Bullet Points:

** Ultra-Light-Weight Camouflage Netting System And to IR and thermal. It may be worth tossing in the back of the truck.

** Another half-billion dollar Ponzi scheme (Crooked Vegas Lawyers):  “Beginning at least as of January 1, 2017, and continuing until March 2022, the J&J Entities, directly and through Judd, Humphries, Jager, Jongeward, Seybert, and Tanner, offered investments in purported personal injury settlement contracts,” SEC lawyers claim in court documents. “Judd told investors that he had a litigation financing business with his attorney, Matthew Beasley, whereby Judd invested money in contracts with personal injury plaintiffs while Beasley procured those contracts through his contacts with other attorneys around the country. Judd told investors that Beasley and his law firm Beasley Law Group had relationships with personal injury attorneys whose clients had settlements with insurance companies, and who were willing to pay a premium to receive a portion of their settlement in advance rather than wait for payment from the insurance companies. According to the lawsuit, investors made purchase agreements in installments of $80,000 or $100,000.

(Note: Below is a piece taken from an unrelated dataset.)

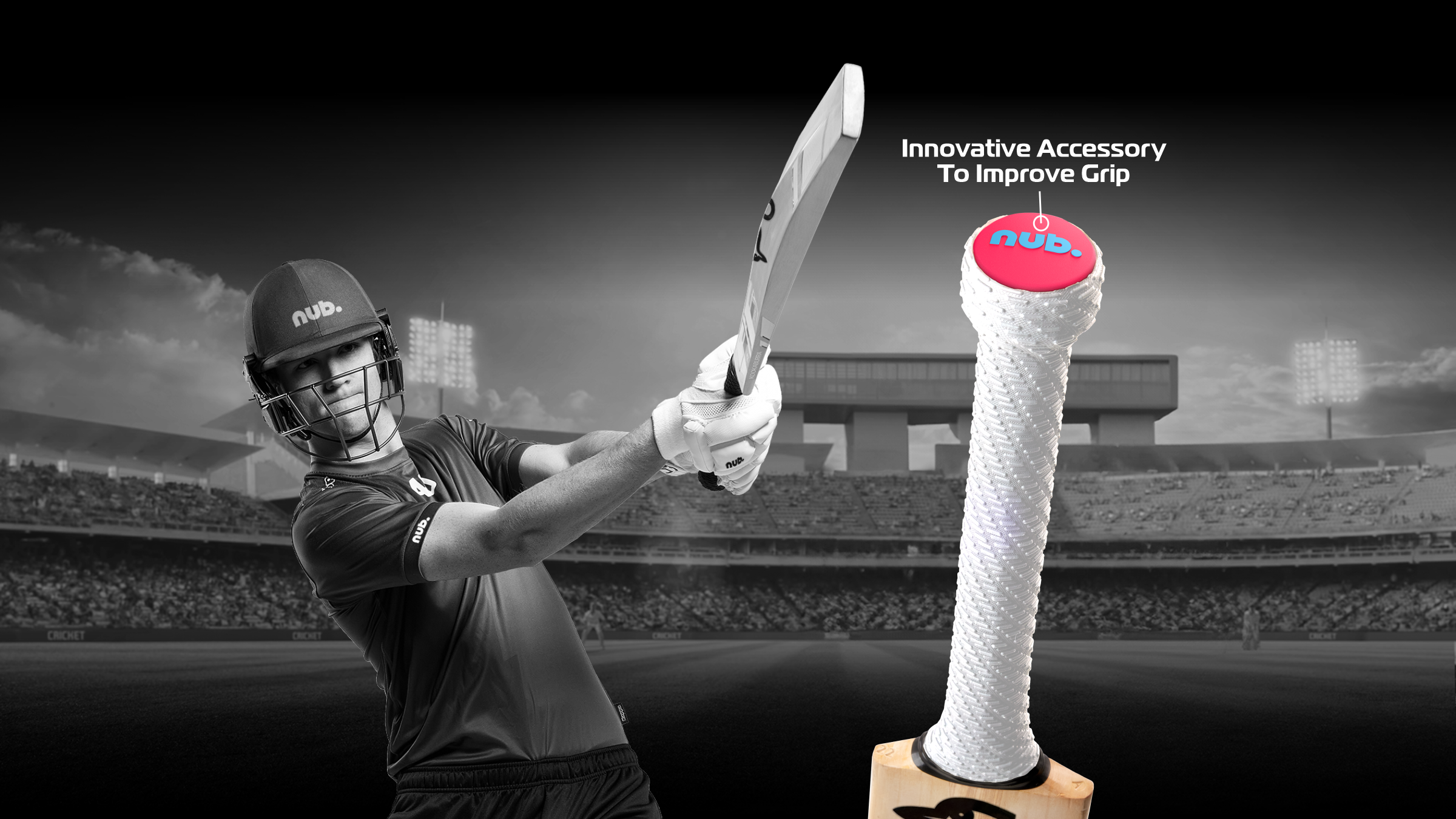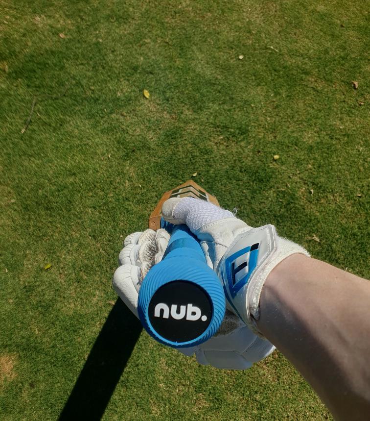nub fits to the end of a cricket bat handle, under the grip, to improve top hand control and stability, resulting in greater confidence during shot play.
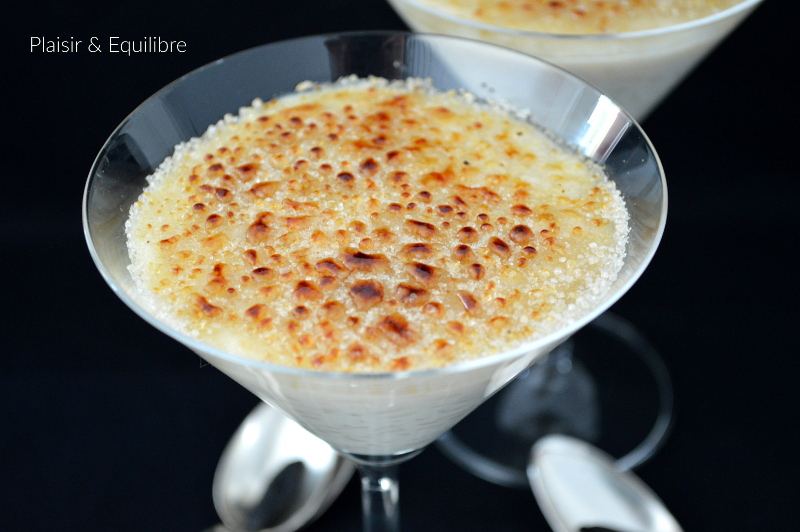 Le riz au lait est un dessert que j’affectionne beaucoup mais comme il est assez long à préparer, je n’en fais que rarement. Le nouveau thème du Foodista challenge, ce challenge culinaire amical créé par Stéphanie du blog Cuisine moi un mouton, étant Le riz au lait, dessert ‘doudou’ qui nous plait ! m’a donné une bonne raison de faire ce dessert et cela tombait bien avec les vacances j’ai eu un peu de temps pour faire une proposition. C’est Viviane du blog Quoi qu’on mange ? qui est la marraine du Foodista Challenge #70 et qui a eu cette belle idée, avec un accessoire imposé, la présentation dans un pot en verre. Pour changer de la vanille que j’utilise habituellement pour le parfumer, j’ai choisi la fève tonka dont les arômes entre le caramel, la vanille et l’amande subliment les desserts. La fève tonka provient d’un arbre gigantesque, le teck et est originaire d’Amérique du Sud. Cette graine toute noire est très puissante en parfums. Et pour que ce riz au lait soit encore plus gourmand, j’ai choisi de le brûler comme une crème brûlée pour créer une fine couche croquante sur la surface. Je ne vous dis pas comme c’est bon ! J’ai choisi de présenter ce riz au lait dans des verres à cocktail, assez évasés pour permettre de les brûler. La recette est celle du chef Philippe Conticini que j’ai trouvée sur le blog d’Angelique Le petit monde de KiwiPatate que j’aime beaucoup. Je l’avais déjà faite une première fois mais il était resté trop liquide, j’ai donc augmenté très légèrement la quantité de riz rond et c’était parfait.

They promised a 12.5% return every 90 days and used new investors’ funds to pay off old investors. What a bargain! Wells Fargo Bank is in this one deep…what a shame WF. Nothing sounds fishy about a 50% annual return on investment.

Lawyers with the SEC allege Beasley and the others named in the lawsuit “used the bulk of investor money to fund lavish lifestyles, including purchasing luxury homes and properties, a private jet, ATVs, boats, and numerous luxury cars for themselves and their relatives,” court documents said. Hookers & limos…in Vegas – the Temple of the Living Elvis.


Cooking in the Days of Fighting Sail

When the weather was up, sailors who served in wooden ships ate cheese, salt fish, dried sausages & biscuits (hardtack). In calm seas. They used a sandbox or ceramic tiles to contain the area where a fire was lit. The stew pot was hung from a hook. Later enclosed iron stoves were developed. These were sometimes gimballed to keep the soup level & prevent the fire from spreading out of control.

Stove on HMS Victory 


Expensive Salutes

During the 17th century, the giving of salutes by warships became so excessive and wasted so much gunpowder that it placed a real financial burden on the England of Charles II. Ridiculous as it may seem the gunners resorted to their weapons every time anyone went ashore, and if it should be a lady the sailors would fire 7 guns and play a tune on the drums. In 1675 a merchant ship in the Thames failed to give an adequate salute to a man o’war, whereupon the warship fired a shot at her to make her stop and apologize. On this occasion, the gunner went aboard and fined the merchant captain six shillings and sixpence for the cost of the powder.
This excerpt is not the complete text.